I hate it when people rip on the Golden State.  “Well, sir, in my experience good and bad dwell just about everywhere there’s people.”

“Amen to that,” Edith gave Virgil’s arm another squeeze.  She turned around, “Over there in that plastic container you’ll find some of my homemade cookies.  They’re for our congregation’s coffee hour, but I think we can spare a few now.  You look like you could use some old-fashioned, homemade cookies.  The ones with the fork marks are peanut butter and the others are oatmeal-raisin.”

I wasted no time in unbuckle’n my seatbelt to get on my knees on the seat and scarf down some homemade cookies.  Of course, a Western omelet, hash browns, an English muffin and a boilermaker would’a been preferable, but I wasn’t about to look the proverbial gift horse in the mouth.  I grabbed me a handful of the peanut butter.

“I did my fair share of traveling around the country in the younger day,” Virgil continued to monitor me in the mirror, “after I got out of the service.  Back then all able-bodied, young Americans served their country proudly.  You ever been in the service?”

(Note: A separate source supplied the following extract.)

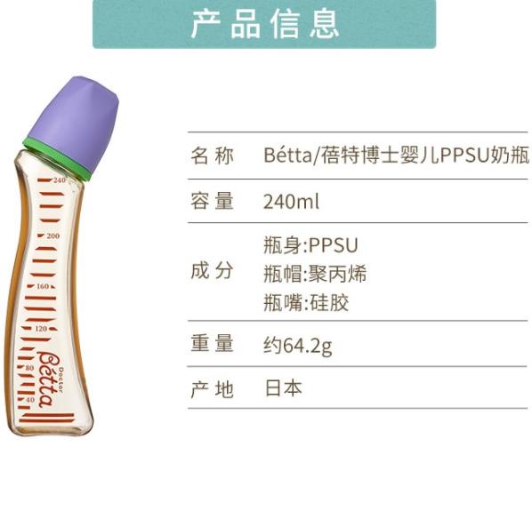 Betta(蓓特)奶瓶奶嘴新生儿减少呛奶PPSU奶瓶日本原装进口母婴用品婴儿防胀气仿母乳防摔塑料奶瓶 宝石&单色彩带(绿色) S1-240ml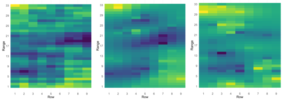 In my project, I generated kriging heatmaps from thousands of random field patterns, each with various distributions and densities of sentinels. I narrowed down my focus to two sentinel distributions, or planting patterns, that would be the easiest for farmers to implement: randomly planting sentinels throughout the field or planting sentinels in strips along the field.

I shook my head negatively back and forth with my mouth full of cookies.

“It’s good for a boy to grow up and become a man.  Anyhow, I’d just come through this way to visit a cousin of mine who still lives not far from here, and we and some friends went out looking for something to do, when we wandered up here on Bible Hill one afternoon.  We sat around, not doing anything much in particular, just shooting the breeze, when this pretty little gal walked by.”  Virgil turned and winked, lay’n his hand to Edith’s arm.  She radiated affection back at him in return.

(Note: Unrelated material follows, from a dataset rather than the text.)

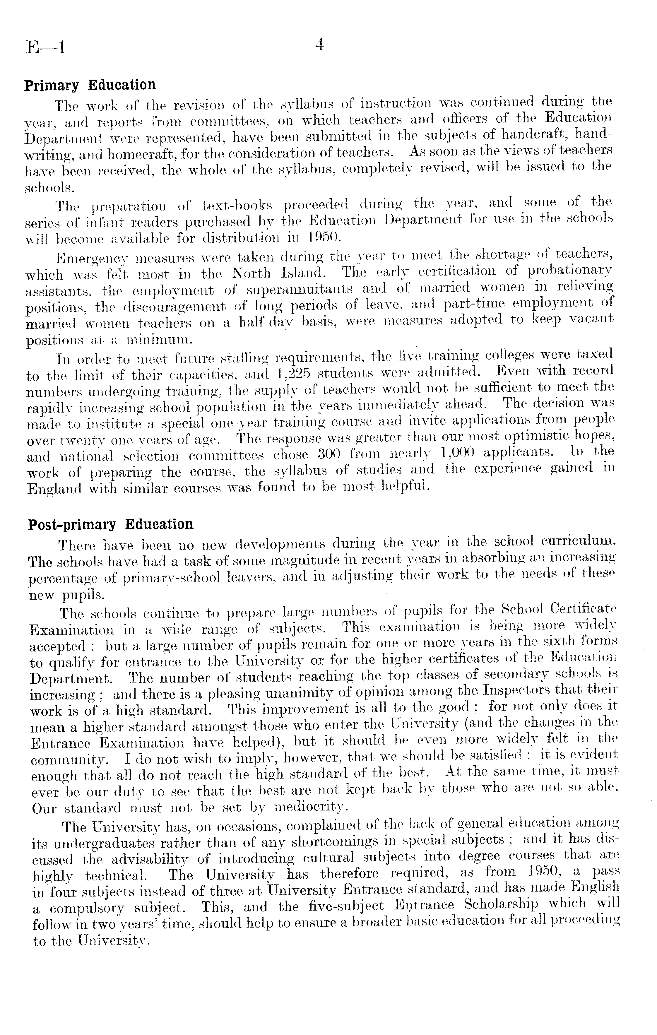 Primary Education The work of the revision of the syllabus of instruction was continued during the year, and reports from committees, on which teachers and officers of the Education Department were represented, have been submitted in the subjects of handcraft, handwriting, and homecraft, for the consideration of teachers. As soon as the views of teachers have been received, the whole of the syllabus, completely revised, will be issued to the schools. The preparation of text-books proceeded during the year, and some of the series of infant readers purchased by the Education Department for use in the schools will become available for distribution in 1950. Emergency measures were taken during the year to meet the shortage, of teachers, which was felt most in the North Island. The early certification of probationary assistants, the employment of superammitants and of married women in relieving positions,'the discouragement of long periods of leave, and part-time employment of married women teachers on a half-day basis, were measures adopted to keep vacant positions at a minimum. In order to meet future staffing requirements, the five training colleges were taxed to the limit of their capacities, and 1,225 students were admitted. Even with record numbers undergoing training, the supply of teachers would not be sufficient to meet the rapidly increasing school population in the years immediately ahead. The decision was made to institute a special one-year training course and invite applications from people over twenty-one years of age. The response was greater than our most optimistic hopes, and national selection committees chose 300 from nearly 1,000 applicants. In the work of preparing the course, the syllabus of studies and the experience gained m England with similar courses was found to be most helpful. Post-primary Education There have been no new developments during the year in the school curriculum. The schools have had a task of some magnitude in recent years in absorbing an increasing percentage of primary-school leavers, and in adjusting their work to the needs of these new pupils. The schools continue to prepare large numbers of pupils for the School Certificate Examination in a wide range of subjects. This examination is being more widely accepted ; but a large number of pupils remain for one or more years in the sixth forms to qualify for entrance to the University or for the higher certificates of the Education Department. The number of students reaching the top classes of secondary schools is increasing ; and there is a pleasing unanimity of opinion among the Inspectors that their work is of a high standard. This improvement is all to the good ; for not only does it mean a higher standard amongst those who enter the University (and the changes m the Entrance Examination have helped), but it should be even more widely felt m the community. Ido not wish to imply, however, that we should be satisfied ; it is evident enough that all do not reach the high standard of the best. At the same time, it must ever be our duty to see that the best are not kept back by those who are not so able. Our standard must not be set by mediocrity. The University has, on occasions, complained of the lack of general education among its undergraduates rather than of any shortcomings in special subjects ; and it has discussed the advisability of introducing cultural subjects into degree courses that are highly technical. The University has therefore required, as from 1950, a pass in four subjects instead of three at University Entrance standard, and has made English a compulsory subject. This, and the five-subject Entrance Scholarship which will follow in two years' time, should help to ensure a broader basic education for all proceeding to the University.

“Of course, in those days I thought I was something real special, so I said to her, ‘Hey, girlie, how’d you like to go to the dance with me Saturday?’  And she stopped in her tracks and said, ‘Can’t do that, but you can come to church with me tonight if you like.’  Before I knew it, I said I would.  The fellers with me thought I was crazy, that her folks went to a holy-roller church.  But I didn’t care.  I was in love at first sight.  So I borrowed my cousin’s car to drive over to the church and meet up with Edith and her family.  They were having revival out at the Tabernacle, and I was privileged to be introduced to Brother Hiram, who preached things I never heard before.  That night my heart was touched with the anointing, and my life was changed forever.  That was forty-seven years ago, friend.”

“Praise Him,” Edith gazed dreamily up at the roof of the van.

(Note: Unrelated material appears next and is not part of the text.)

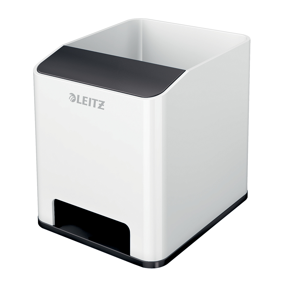 Calitatea premium a Suportului instrumente de scris, cu functia de amplificare sunet Leitz este completata de designul in culorile duale stilate si indraznete cu un finisaj lucios. Aceast suport pentru instrumente de scris completeaza perfect produsele din gama Leitz WOW. Design contemporan si modern care va arata perfect atat in spatiul de lucru de acasa cat si la birou.

Just then I heard something rustle
n behind me.  I turned to investigate the odd sound.  It was coming from underneath a Tupperware tub on top of a folded red-checkerboard tablecloth.  I moved the plastic container and lifted the tablecloth.  Underneath was a wooden crate with a clear plastic lid held in place with a couple’a bricks.  Coiled up inside was a half-dozen copperheads....

“Nyyyaaaaaagggggghhhhhhh!”

“The serpents are for church,” Edith smiled.

Virgil’s mirror image frowned, “Please watch your tongue, friend.”